* _Aim of the exercise_:
The answer must consist of every line in the records below that contains the string "נצראללה".

* _Data for this task_:
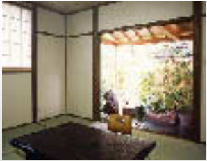
離れ 「早蕨(さわらび)」
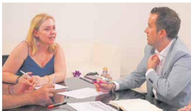
La reunió entre la vicepresidenta i l'alcalde.

Carratalá va recordar que l'obra va començar en 2009, després d'haver-se impulsat en 2006 amb una inversió inicial d'1 milió d'euros de fons municipals. No obstant això, la crisi econòmica va obligar a aturar els treballs tan sols dos anys després, deixant una estructura de formigó de més de 2.500 m 2 totalment inacabada. "No podem permetre que esta infraestructura con-
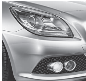
Klarglas-Scheinwerfer, Tagfahrlicht und Nebelscheinwerfer
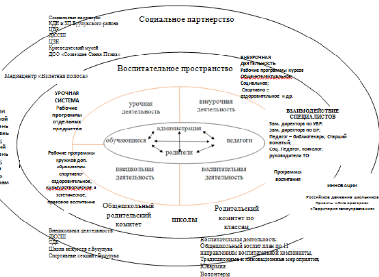
Модель воспитательной системы МОБУ «Палимовская СОШ»

Школа находится в условиях постоянного взаимодействия с учреждениями системы образования, культуры и спорта, правоохранительными органами и органами государственной власти. Эти творческие контакты возникли в силу объективной необходимости, территориальной близости и общности состава участников воспитательного процесса.
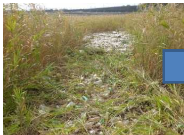
↑作業前ごみだらけの中堤
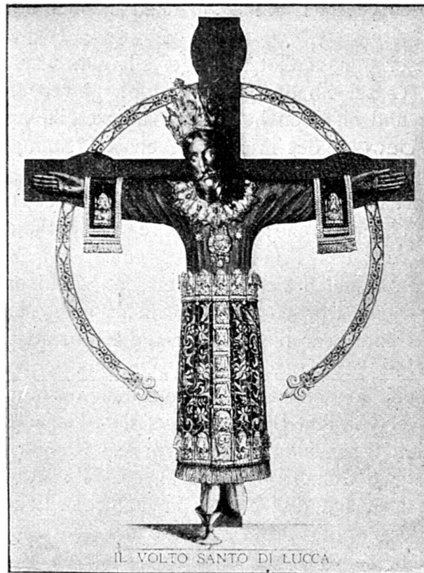
Fig. 33. Der Volto santo in Lucca.

(1845) sagt: „Noch gegenwärtig spricht der nellenburgische Bauer mit Respekt von ihm.“ In Süddeutschland besonders in Schwaben, soll man noch heute, wenn man etwas als recht gross bezeichnen will, den Vergleich brauchen „Grösser als der gross' Gott von Schaffhausen“. Man schwur bei ihm „Beim grossen Gott von Schaffhausen“, oder „So mir der gross' Gott zu Schaffhausen“. Es muss darum mit diesem, einige Dezennien vor dem Glaubenswechsel aufgerichteten und so hochverehrten Bild eine besondere Bewandnis gehabt haben. Woher die grosse Verehrung? Ein scheinbarer Zufall hat mich auf die Spur geführt.
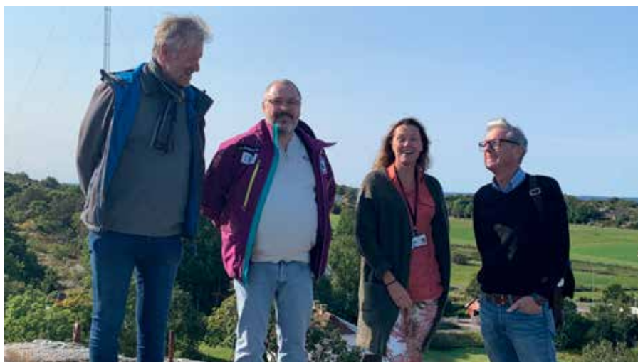
Til topps på Radioberget etter befaring på Villa M, Tjøme.

Hyttestiftelsen kan du kontakte på e-post hytte-ost@telenor.com
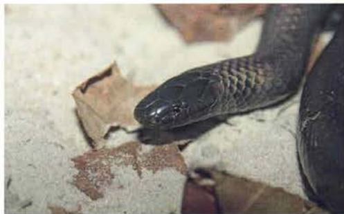
Abb. 33. Amblyodipsas unicolor , Porträt.
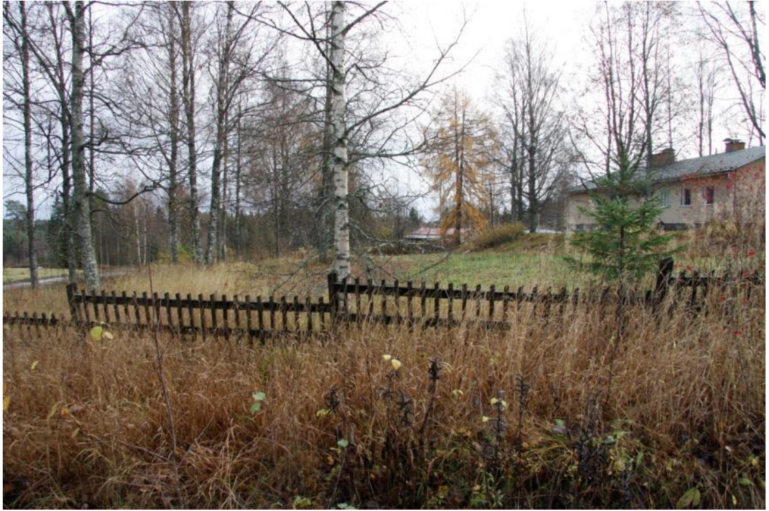
Kuva 66 Alapello oli ollut käyttämättömä pitkään ja lähinnä lupiinien valtaamana
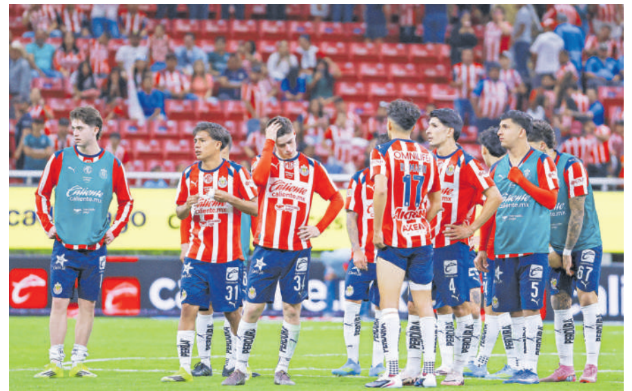
Guadalajara se fue en ceros en sus últimos dos partidos.
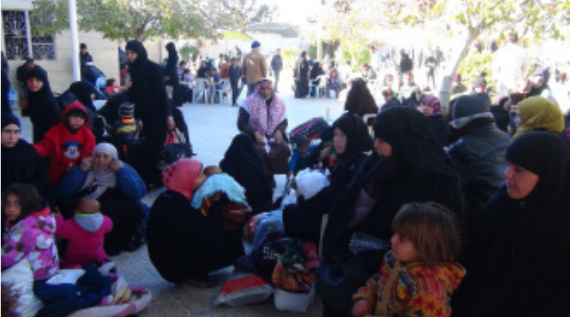
dagirkirina Tirkîyê ji xaka Sûriyê re qebûl nakin û şermezar dikin
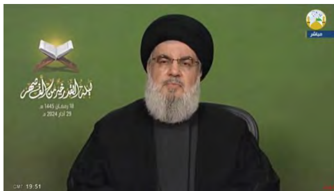
נצראללה במהלך הנאום (אלמנאר, 29 במרץ 2024)

◀ חסן נצראללה, מזכ"ל חזבאללה , נשא ב-29 במרץ 2024 נאום לרגל עשרת הלילות האחרונים של חודש המצ'אן ולילת אלקדר 3 . נצראללה דיבר על נושאי דת על-פי התפיסה השיעית, וציין כי ידון ביום ששי הבא (5 באפריל 2024), ביום ירושלים העולמי 4 , ובהתפתחויות האחרונות. הוא קרא לכולם להצטרף לנאום במיוחד בפרבר הדרומי של בירות, מעוז חזבאללה, "כדי להציג עמידה איתנה" (אלמנאר, 29 במרץ 2024).
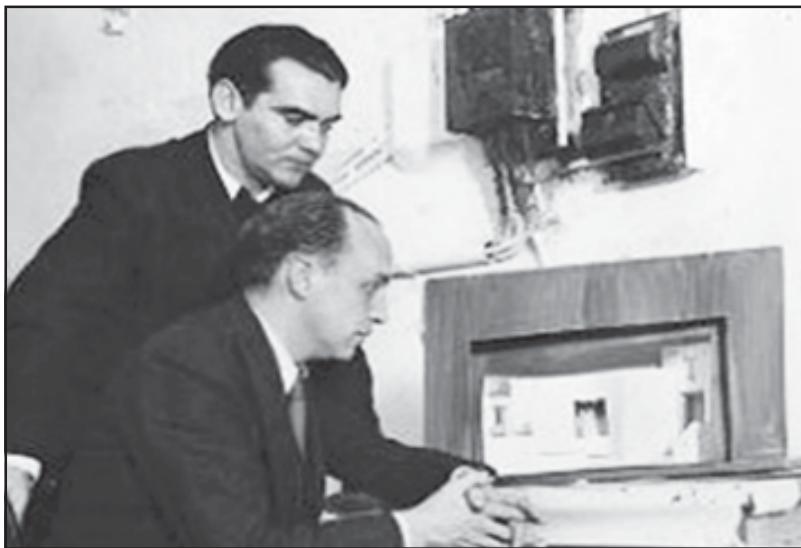
Amb García Lorca observant la maqueta d'una escena de La zapatera prodigiosa (1933).

(Aquestes imatges i les següents de Manuel, reproduïdes del llibre de Rosa Peralta).
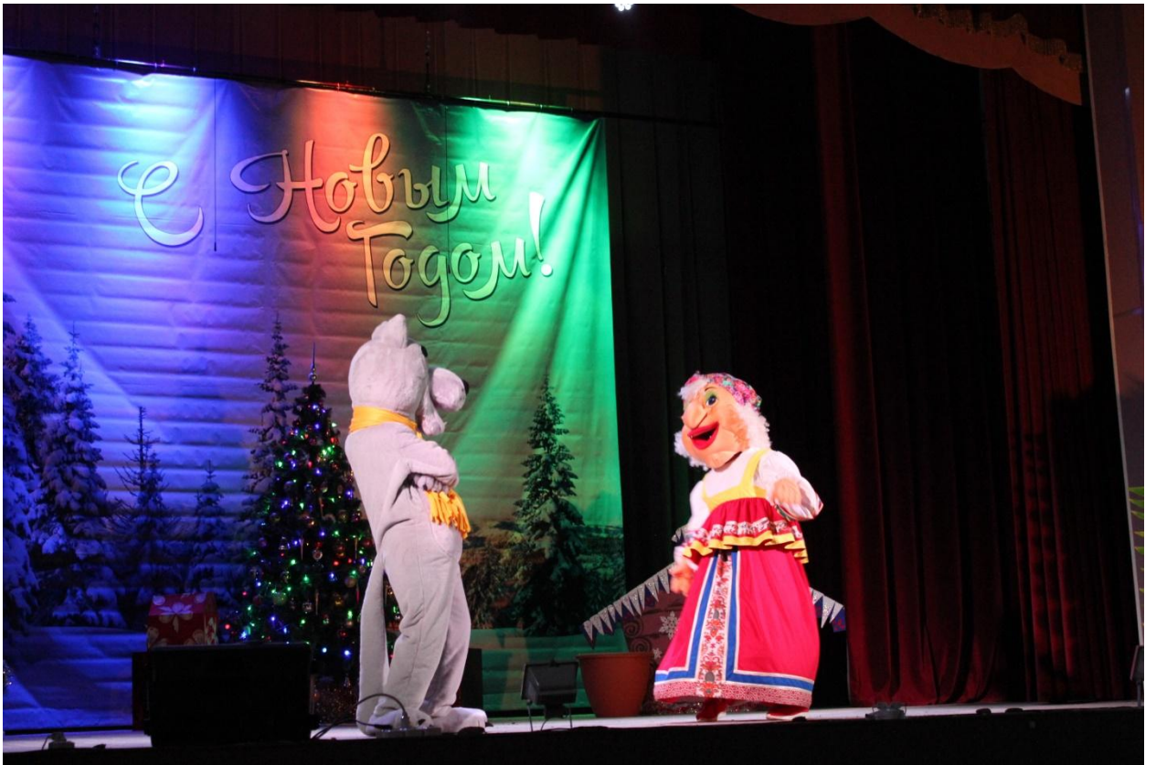
Новогодняя сказка для детей «Лекарство от жадности» 26 декабря 2019 года
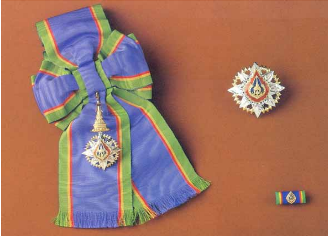
ประดมาภรณ์มงกุฎไทยสำหรับสตรี
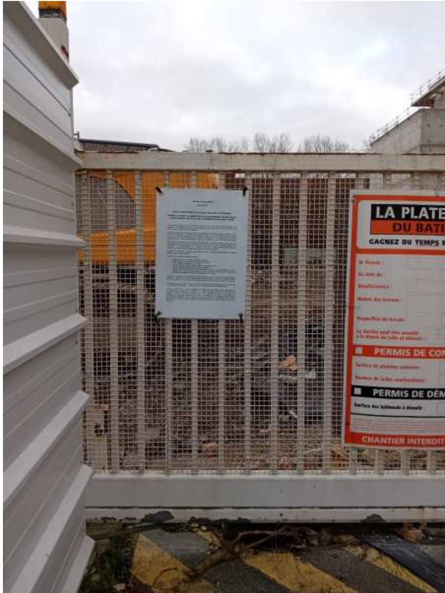
Affiche sur site 1/4

Conformément à l'article R.123-9 du Code de l'Environnement, un affichage légal a été opéré sur le territoire communal du 16 février 2024 au 1 er mars 2024 inclus, sur site (4 affiches, 2 sur la rue Jean Jaurès et 2 sur la rue Charles Martigny, au droit du projet) et à l'accueil du Service Urbanisme.
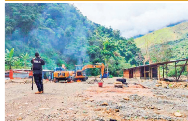
Un efectivo policial en el operativo de ayer. AJAM

La celeridad prevista en la difusión de resultados responde a que en esta votación solo habrá dos candidatos en cada papeleta.
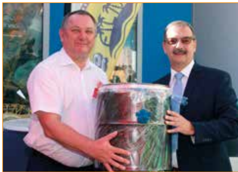
Wspólne zdjęcie burmistrzów Biblis i Kątów Wrocławskich podczas akademii z okazji 15-lecia partnerstwa pomiędzy naszymi gminami.

W tym roku grupa z Polski liczyła 13 osób, oprócz osób związanych z urzędem Miasta i Gminy Kąty
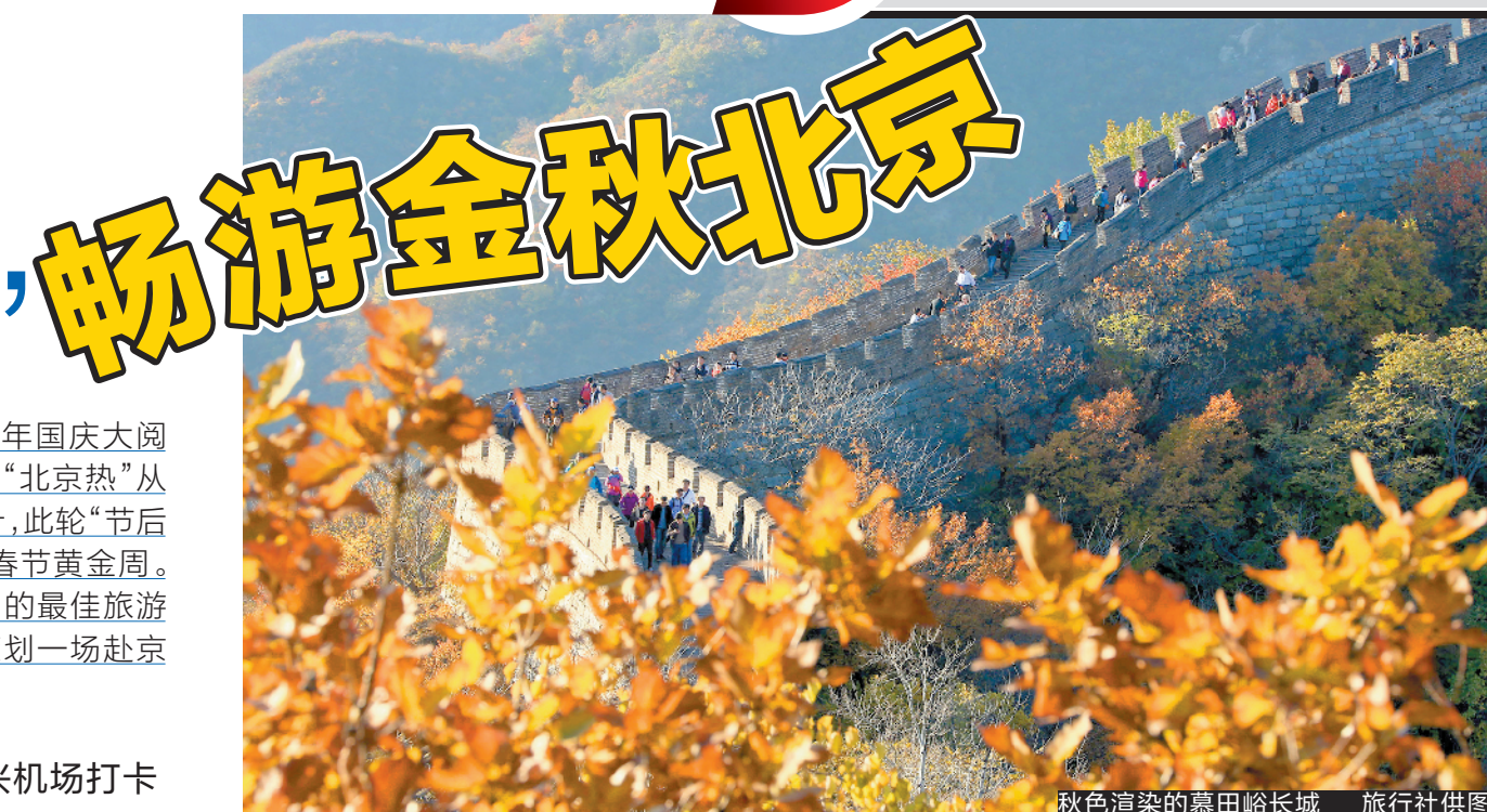
秋色渲染的慕田峪长城
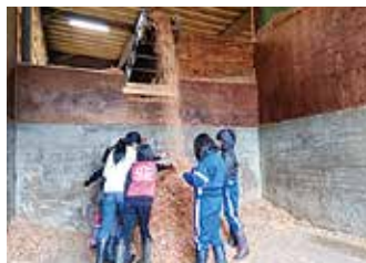
チップ工場を見学
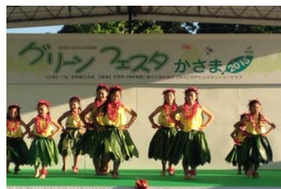
「グリーンフェスタかさま」
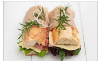
보균자에 의해 조리된 식품 (도시락, 샌드위치)
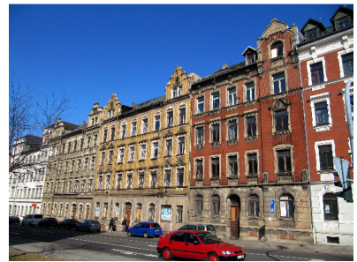
Fürstenstraße 49 - 53
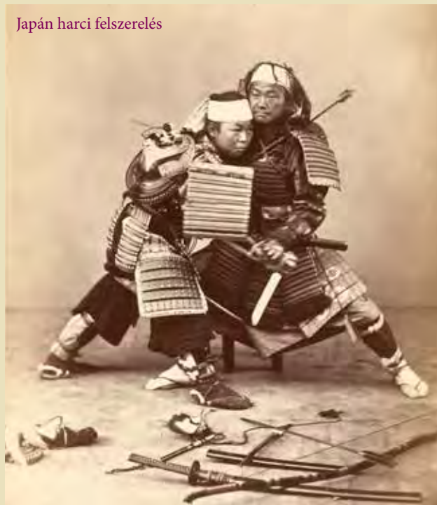
Japán harci felszerelés

számára. Ransonnet 1864 és 1865 között Ceylonon töltött néhány hónapot. Az ott készített, részben a tenger alatti korallzátonyokat bemutató vázslatait 1867-ben Bécsben jelentette meg.
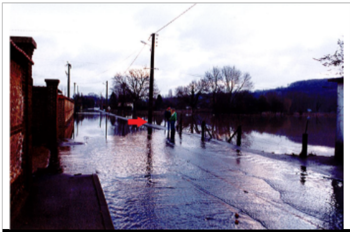
Poteau électrique face au 626 rue Blingue à Romilly-sur-Andelle

MARQUE Maximum de l'inondation : Non renseigné Visibilité : Non renseigné État du repère : Disparu Pérennité : Aucune Repère calculé : Non renseigné PHEC : Non renseigné
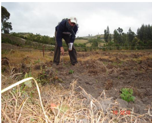
Foto11. Toma de altura de plantas a los 45 días después de la siembra.

* _Answer space_:
נצראללה במהלך הנאום (אלמנאר, 29 במרץ 2024)
◀ חסן נצראללה, מזכ"ל חזבאללה , נשא ב-29 במרץ 2024 נאום לרגל עשרת הלילות האחרונים של חודש המצ'אן ולילת אלקדר 3 . נצראללה דיבר על נושאי דת על-פי התפיסה השיעית, וציין כי ידון ביום ששי הבא (5 באפריל 2024), ביום ירושלים העולמי 4 , ובהתפתחויות האחרונות. הוא קרא לכולם להצטרף לנאום במיוחד בפרבר הדרומי של בירות, מעוז חזבאללה, "כדי להציג עמידה איתנה" (אלמנאר, 29 במרץ 2024).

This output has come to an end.